Monday, October 18, 2010

Good Luck

Those who mistake their good luck for their merit are inevitably bound for disaster. - J. Christopher Herold

Once upon a time, a poor farmer was dismayed to learn that his horse had died during the night. "That's terrible," his neighbors said, "What a bad luck!" "Maybe," said the farmer to his friends. 

Meanwhile, elsewhere in the village, a certain rich man heard of the farmer's plight and took pity on him. He gave one of his many horses to the poor man as a gift. "That's wonderful! How lucky you are!" exclaimed the farmer's friends. But the farmer only said, "Maybe."

Only two months later, frightened by flashes of lightning and bursts of thunder during a fierce summer storm, the poor farmer's horse lept over the fence and ran away to the mountains. "That's terrible! What a bad luck!" the farmer's neighbors exclaimed. "Maybe." replied the farmer.

In less than three months time, and much to everyone's amazement, the runaway horse returned to the poor farmer. But he did not return alone, for he was accompanied by a magnificent stallion. Now the farmer had two horses! The neighbors marveled at such great fortune. "That's wonderful! How lucky you are!" they said. But the farmer simply replied, "Maybe."

One day the farmer's only son thought this would be a good time to break in the new stallion for riding. But the small, thin boy was no match for the mighty horse. He was violently thrown from the horse's back and severely injured. He broke several bones in his leg and would not walk for a long while. "That's terrible," said the neighbors, "now your son is lame. What a bad luck!" "Maybe," came the answer.

At this time in China there was a war going on between two rival warlords. One day a military officer came to the village to conscript young men. He took with him all able bodied young men to fight the war in a neighboring province. Many of the village's favorite sons would later perish. "How lucky you are that your son is lame, for he is safe with you," the neighbors said. Thanking them for their good wishes, the poor farmer said, "Maybe."


Not too sad and never too overjoyed! This was Taoist way of life. Probably like not many  other people, Taoists believed that the things are in a constant motion. They developed the philosophy of yin and yang which not only suggested the constant flux, but also clarified that everything in the universe has its opposite counterpart.

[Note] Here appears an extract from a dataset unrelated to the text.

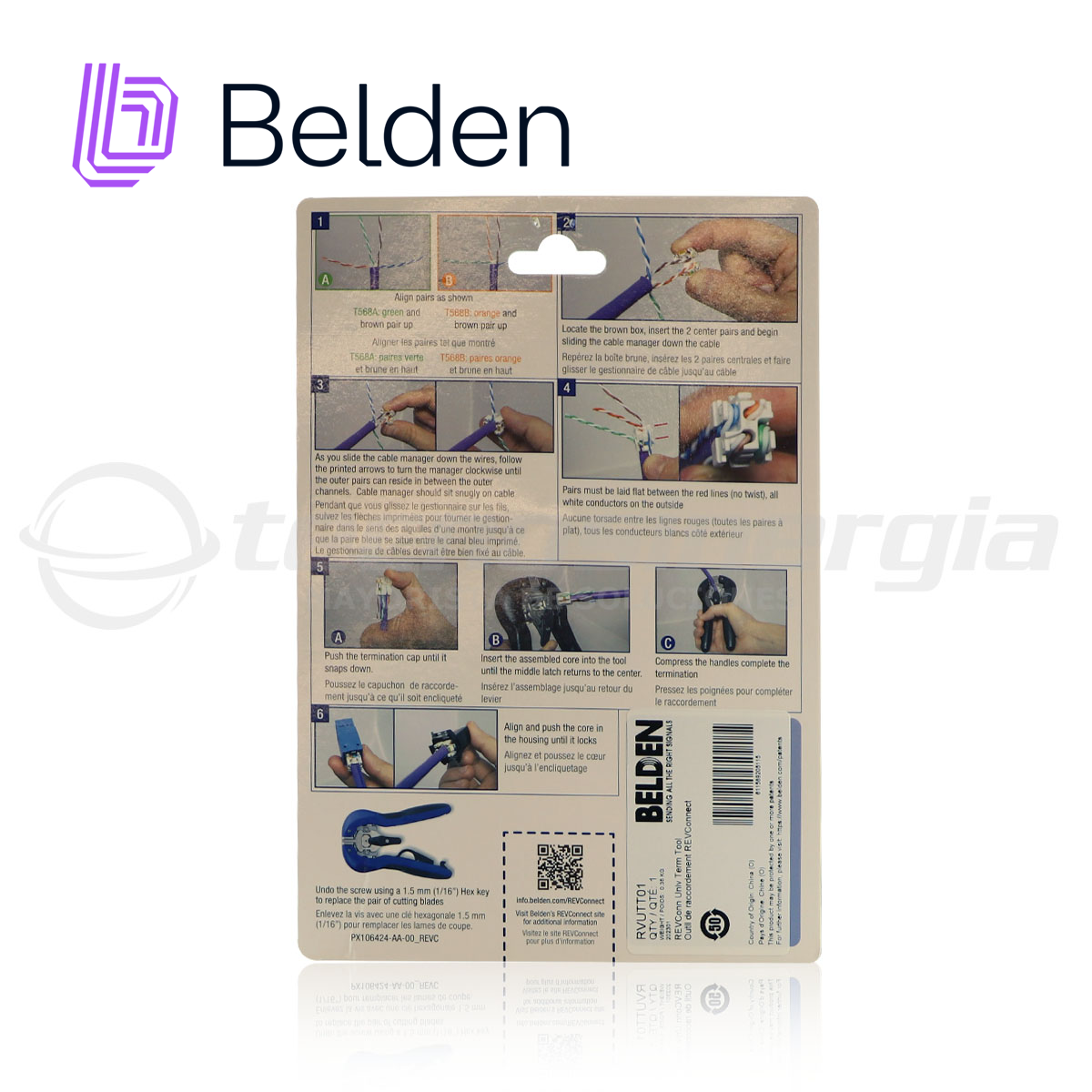 Descripción Descripción RVUTT01 BELDEN Accesorios de conectividad - Herramienta de terminación REVConnect Ponchado JACK Y PLUGS REVCONNECT Color azul Uso interiorDocumentosFicha técnica

There is no good without evil, no beauty without ugliness, no joy without distress. Taoism taught that when dreadful things happen to us, extreme distress is improper because things are in constant motion and the energy in the universe flows into its other natural extreme. This is when really good things happen. But once again, extreme joy is improper. Those who understood this natural flow would enjoy their life with all its ups and downs. 

This constant flow of energy between naturally occurring dualities was  expression of the universal harmony between yin and yang forces that govern the universe. 

Since ancient times the Chinese understood that these two dynamic forces do not exist in opposition to one another. They are complementary. Everything in the universe has both aspects - the yin and the yang. Either of the forces may manifest more strongly in an object or a situation depending on the criterion of judgment and observation. The judgements we make depend on our perception of things but they do not reflect the underlying reality that often remains hidden. 

Only a foolish man believes that all that glitters is gold. And only a foolish man believes the opposite.